_WHAT NEEDS TO BE DONE_
A verbatim copy of the full data, with no pictures, is the expected answer.

_RECORDS PROVIDED_
== == ==
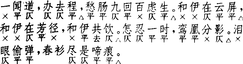 | 释义 | 孝顺歌 孝顺歌无名氏作。今无传本。清初《传奇汇考》云:“以大舜、汉文帝为帝孝,曾参、闵损、仲由为贤孝,姜诗、老莱子为顺孝,黄香、陆绩为幼孝,刻(按此字有误)子、孟宗、庾黔娄、黄庭坚为病孝,吴猛、王祥、郭巨、董永、朱寿昌为苦孝,江革、蔡顺、杨香为难孝,王裒、丁兰为追孝,唐氏为女孝。”按此“二十四孝”之说,大约始于宋代。南宋画家刘松年有《二十四孝图》。据钱南扬考证,此剧作于明末,见《南曲谱及民众艺术中之孟姜女》。《曲海总目提要》亦云:此剧“一名《二十四孝》,明末人所作,不知姓名”。 ☚ 双孝记 天缘箭 ☛ 孝顺歌 孝顺歌无名氏 《李宝》 ![]() 前腔 换头 ![]() 正格十句:3,3△,7△。5△,5△,4△。4,4△。4,4△。换头格九句:4,5△。5△,5△,4△。4,4△。4,4△。换头格将正格首三句改为二句,馀均同。第六句四字平仄;可与换头第五句相互参照。本调见于早期作品,如《张协状元》第十八出四支、《小孙屠》第十五出二支、《杀狗记·迎春私叹》二支,皆于偶数用换头。《八义记·灵辄留朔》三支,不用换头;且第一支第六句失叶,第二支缺第六句。此外如《荆钗记·大逼》、《香囊记·避难》、《绣襦记·逑叶良俦》、《鸣风记·忠良会边》、《紫钗记·仆马临门》、《东郭记·与之偕》、《四贤记·孝养》所题〔孝顺歌〕,实皆为〔孝南歌〕之误题。沈璟《南曲谱》以《李宝》为词式,谓:“此〔孝顺歌〕本调也。查成化年间旧板《戏曲全锦》有十馀套,皆如此。今人知有〔孝南枝〕,而不知此本调,即如知〔锦堂月〕而不知〔昼锦堂〕也。”《琵琶记·糟糠自厌》四支,《南词新谱》改题〔孝顺儿〕。《南词简谱》改题〔孝江水〕。《明珠记·饮药》二支同《琵琶》。《牡丹亭·劝农》四支,《简谱》改题〔孝金歌〕,尚有其他异名见钱南扬校本。小令兼用。 ☚ 锁南枝 孝南枝 ☛ |
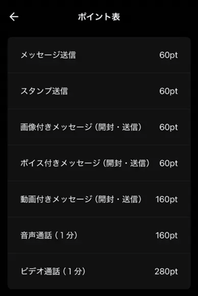 | メッセージ送信 | 60ポイント(75円)/通 |
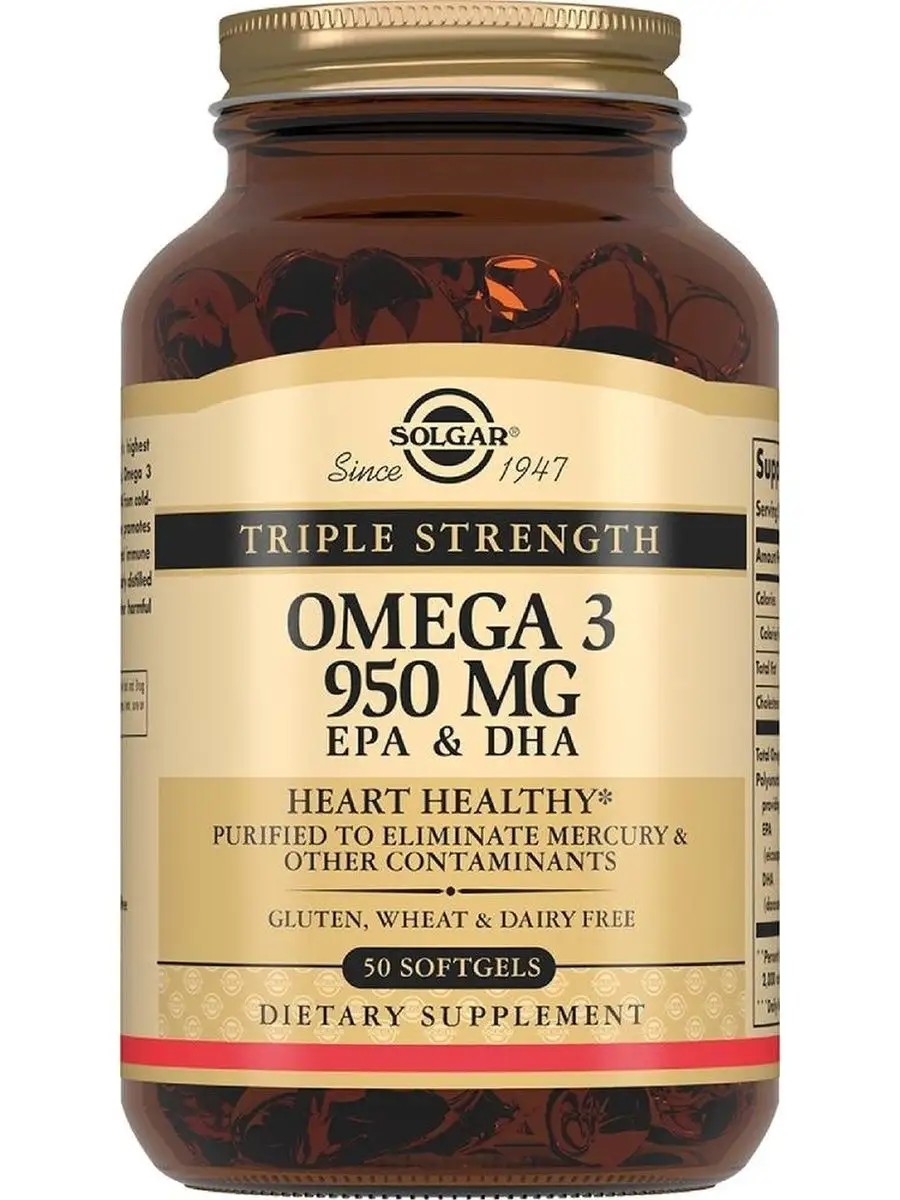 Из всех продуктов Солгар, содержащих жирные кислоты класса омега-3, Тройная омега-3 950 ЭПК и ДГК содержит самую высокую дозировку омега-3 ПНЖК 950 мг.
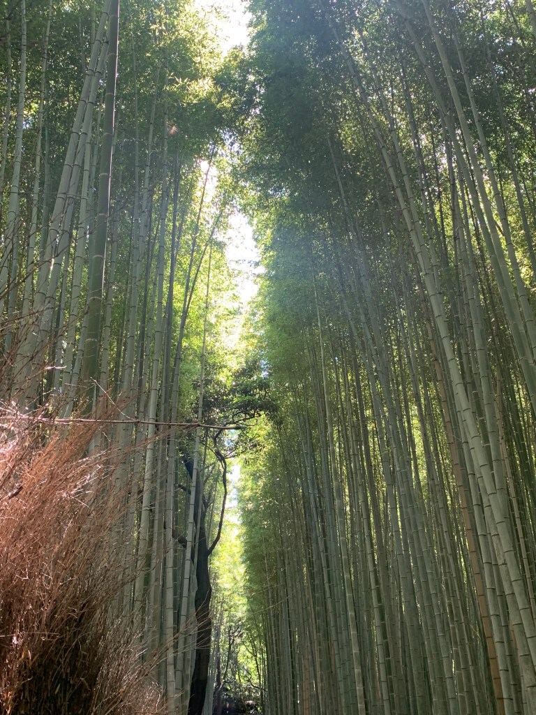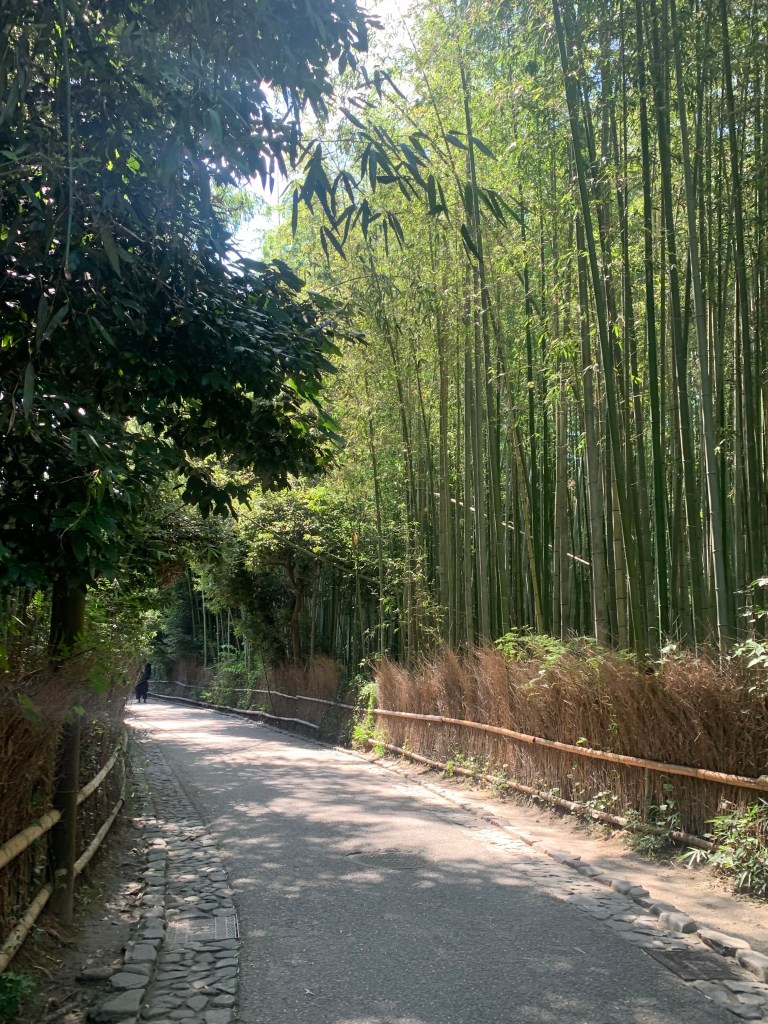 Und so beschlossen wir, uns vorerst auf einen kleinen Ausflug zum Arashiyama Bambuswald zu beschränken, in der Hoffnung, dass es in einem Wald eventuell etwas kühler ist. Das war es tatsächlich auch. Allerdings waren wir offensichtlich nicht die einzigen mit dieser Idee, denn es waren außer uns gefühlt noch alle Touristen und Einwohner von ganz Kyōto in Arashiyama unterwegs.
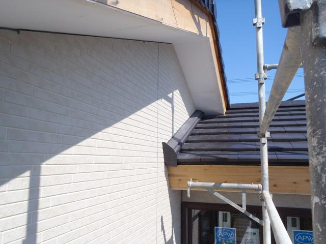 サイディング材ジョイント部、軒天取り合いコーキング打ちへと進めます。 木工事、天井ボード貼りを終え、2階床フローリング下地、
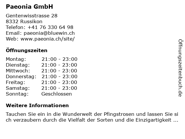 | Öffnungszeiten Paeonia GmbH in Russikon anzeigen | |
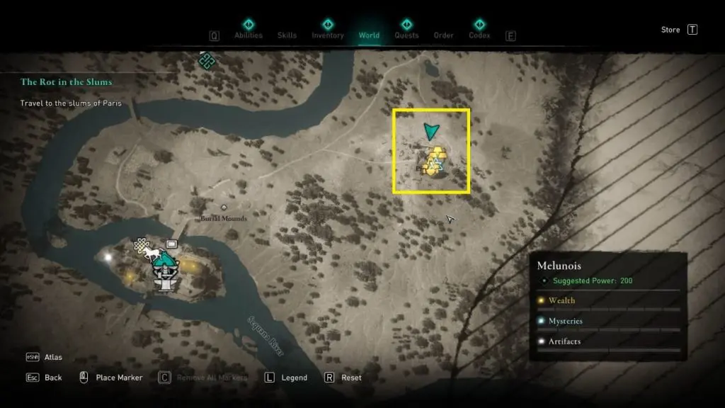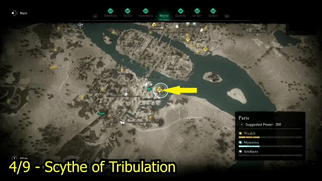 Scythe of Tribulation is inside a wealth chest in the Flooded Slums in Paris. At the location highlighted with a yellow arrow in the picture below, you will find a tomb in a flooded cemetery. Enter the tomb and swim down, then turn right. At the end of the path, turn right and swim up the stairs to get out of the water. Move ahead in a linear path and you will finally reach the room with the chest. Slide down the gap on the wall to reach the wealth chest containing Scythe of Tribulation.
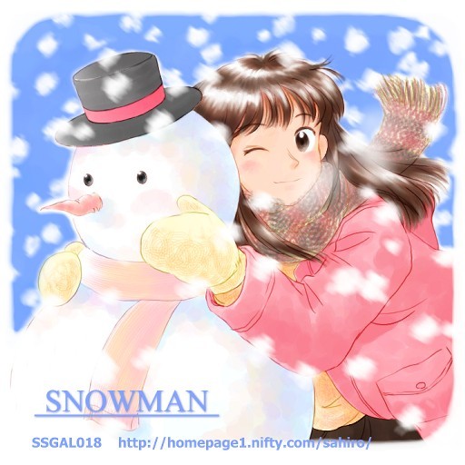 「きゃ〜♪かわい〜!つめた〜い!」 「…そりゃ雪だるまだもん」 クマのぬいぐるみのような、ふかふかの質感を 連想しますが、それは空想の中だけ。雪だるまは 硬くて冷たいです(^^; あ〜降っている雪まで、綿のように(^^;
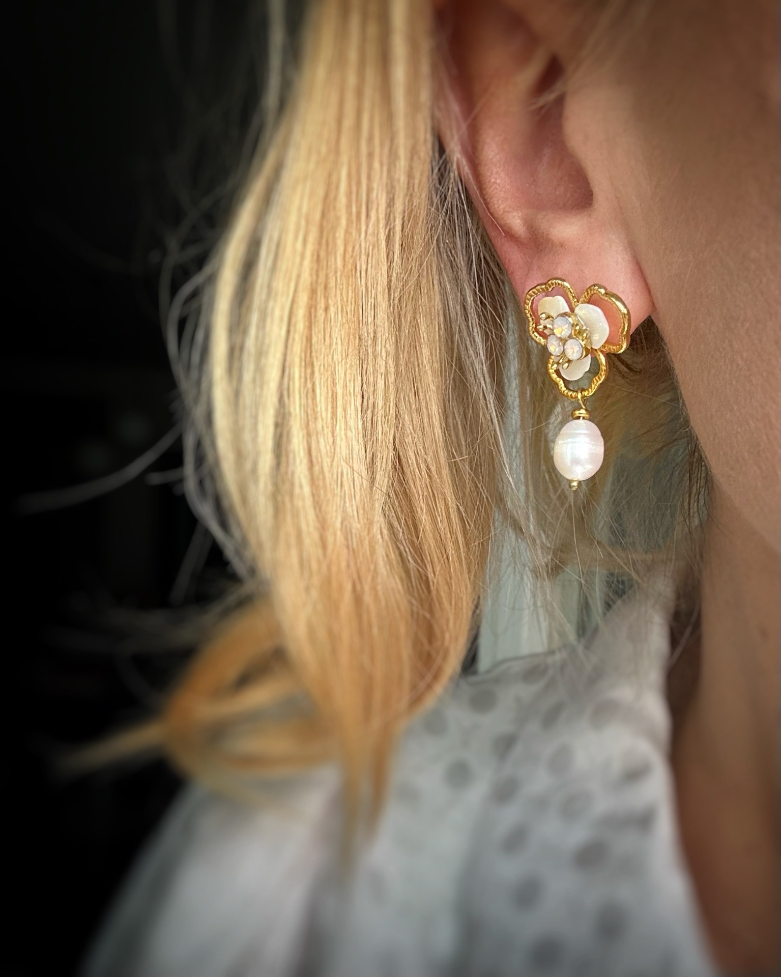 Orecchini fiore con perla pendente, in ottone con perla, Swarovski, madreperla. Lunghezza 3,5 cm, larghezza 2 cm.
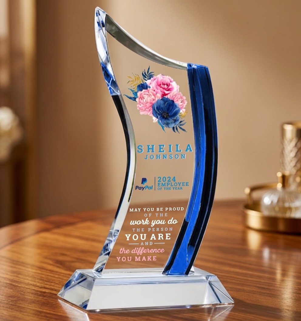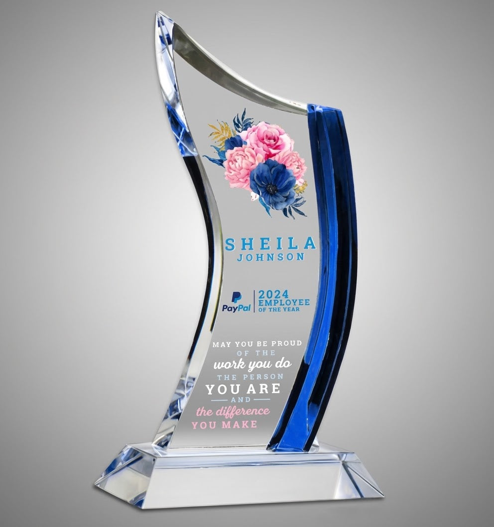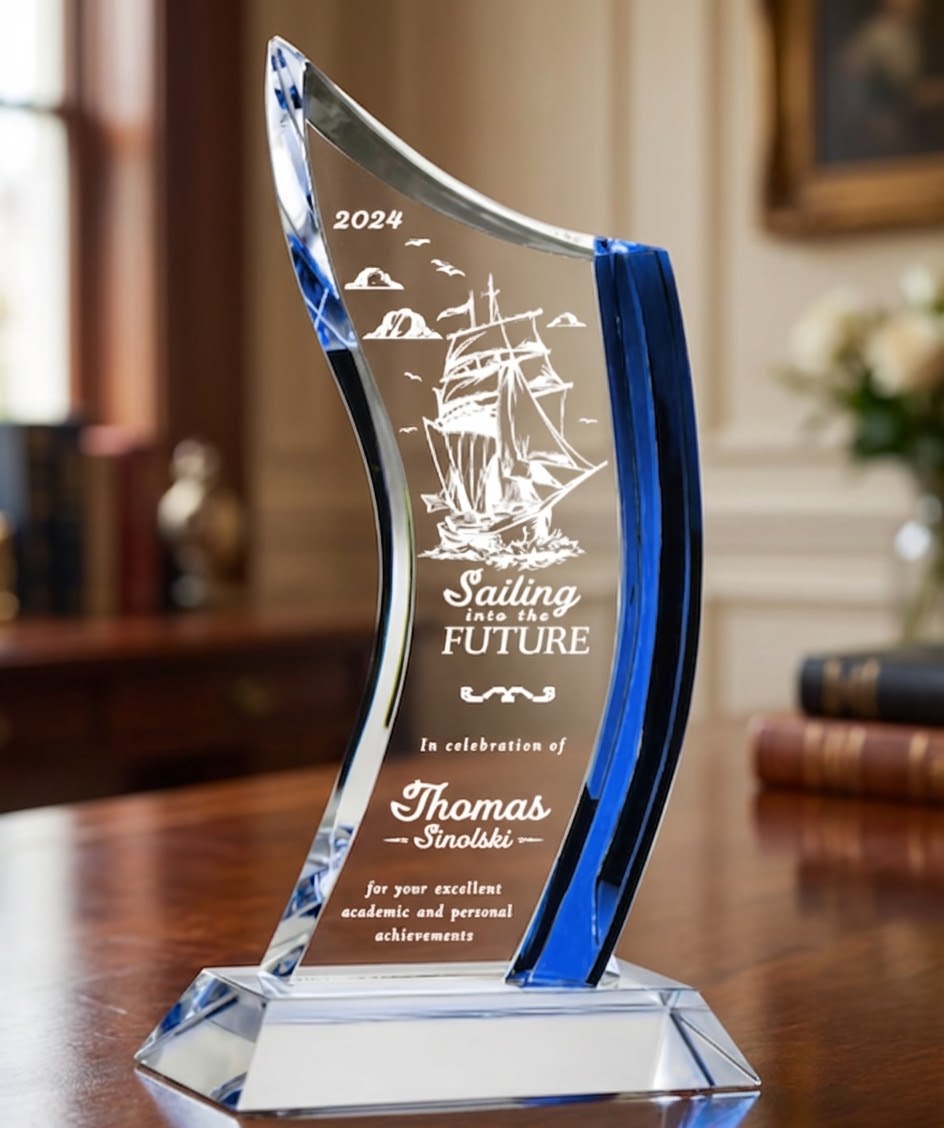 Elevate recognition with the Blue Swoosh Crystal—a striking award that captures achievement in elegant motion. This premium crystal piece features a dynamic swoosh design that symbolizes forward momentum and success. Perfect for corporate events, sports competitions, or milestone celebrations, it makes a lasting impression on any recipient. The polished blue crystal catches light beautifully, creating a sophisticated display piece that honors excellence.
== == ==
_REPLY_
 | 释义 | 孝顺歌 孝顺歌无名氏作。今无传本。清初《传奇汇考》云:“以大舜、汉文帝为帝孝,曾参、闵损、仲由为贤孝,姜诗、老莱子为顺孝,黄香、陆绩为幼孝,刻(按此字有误)子、孟宗、庾黔娄、黄庭坚为病孝,吴猛、王祥、郭巨、董永、朱寿昌为苦孝,江革、蔡顺、杨香为难孝,王裒、丁兰为追孝,唐氏为女孝。”按此“二十四孝”之说,大约始于宋代。南宋画家刘松年有《二十四孝图》。据钱南扬考证,此剧作于明末,见《南曲谱及民众艺术中之孟姜女》。《曲海总目提要》亦云:此剧“一名《二十四孝》,明末人所作,不知姓名”。 ☚ 双孝记 天缘箭 ☛ 孝顺歌 孝顺歌无名氏 《李宝》 ![]() 前腔 换头 ![]() 正格十句:3,3△,7△。5△,5△,4△。4,4△。4,4△。换头格九句:4,5△。5△,5△,4△。4,4△。4,4△。换头格将正格首三句改为二句,馀均同。第六句四字平仄;可与换头第五句相互参照。本调见于早期作品,如《张协状元》第十八出四支、《小孙屠》第十五出二支、《杀狗记·迎春私叹》二支,皆于偶数用换头。《八义记·灵辄留朔》三支,不用换头;且第一支第六句失叶,第二支缺第六句。此外如《荆钗记·大逼》、《香囊记·避难》、《绣襦记·逑叶良俦》、《鸣风记·忠良会边》、《紫钗记·仆马临门》、《东郭记·与之偕》、《四贤记·孝养》所题〔孝顺歌〕,实皆为〔孝南歌〕之误题。沈璟《南曲谱》以《李宝》为词式,谓:“此〔孝顺歌〕本调也。查成化年间旧板《戏曲全锦》有十馀套,皆如此。今人知有〔孝南枝〕,而不知此本调,即如知〔锦堂月〕而不知〔昼锦堂〕也。”《琵琶记·糟糠自厌》四支,《南词新谱》改题〔孝顺儿〕。《南词简谱》改题〔孝江水〕。《明珠记·饮药》二支同《琵琶》。《牡丹亭·劝农》四支,《简谱》改题〔孝金歌〕,尚有其他异名见钱南扬校本。小令兼用。 ☚ 锁南枝 孝南枝 ☛ |
 | メッセージ送信 | 60ポイント(75円)/通 |
 Из всех продуктов Солгар, содержащих жирные кислоты класса омега-3, Тройная омега-3 950 ЭПК и ДГК содержит самую высокую дозировку омега-3 ПНЖК 950 мг.
 Und so beschlossen wir, uns vorerst auf einen kleinen Ausflug zum Arashiyama Bambuswald zu beschränken, in der Hoffnung, dass es in einem Wald eventuell etwas kühler ist. Das war es tatsächlich auch. Allerdings waren wir offensichtlich nicht die einzigen mit dieser Idee, denn es waren außer uns gefühlt noch alle Touristen und Einwohner von ganz Kyōto in Arashiyama unterwegs.
 サイディング材ジョイント部、軒天取り合いコーキング打ちへと進めます。 木工事、天井ボード貼りを終え、2階床フローリング下地、
 | Öffnungszeiten Paeonia GmbH in Russikon anzeigen | |
 Scythe of Tribulation is inside a wealth chest in the Flooded Slums in Paris. At the location highlighted with a yellow arrow in the picture below, you will find a tomb in a flooded cemetery. Enter the tomb and swim down, then turn right. At the end of the path, turn right and swim up the stairs to get out of the water. Move ahead in a linear path and you will finally reach the room with the chest. Slide down the gap on the wall to reach the wealth chest containing Scythe of Tribulation.
 「きゃ〜♪かわい〜!つめた〜い!」 「…そりゃ雪だるまだもん」 クマのぬいぐるみのような、ふかふかの質感を 連想しますが、それは空想の中だけ。雪だるまは 硬くて冷たいです(^^; あ〜降っている雪まで、綿のように(^^;
 Orecchini fiore con perla pendente, in ottone con perla, Swarovski, madreperla. Lunghezza 3,5 cm, larghezza 2 cm.
 Elevate recognition with the Blue Swoosh Crystal—a striking award that captures achievement in elegant motion. This premium crystal piece features a dynamic swoosh design that symbolizes forward momentum and success. Perfect for corporate events, sports competitions, or milestone celebrations, it makes a lasting impression on any recipient. The polished blue crystal catches light beautifully, creating a sophisticated display piece that honors excellence.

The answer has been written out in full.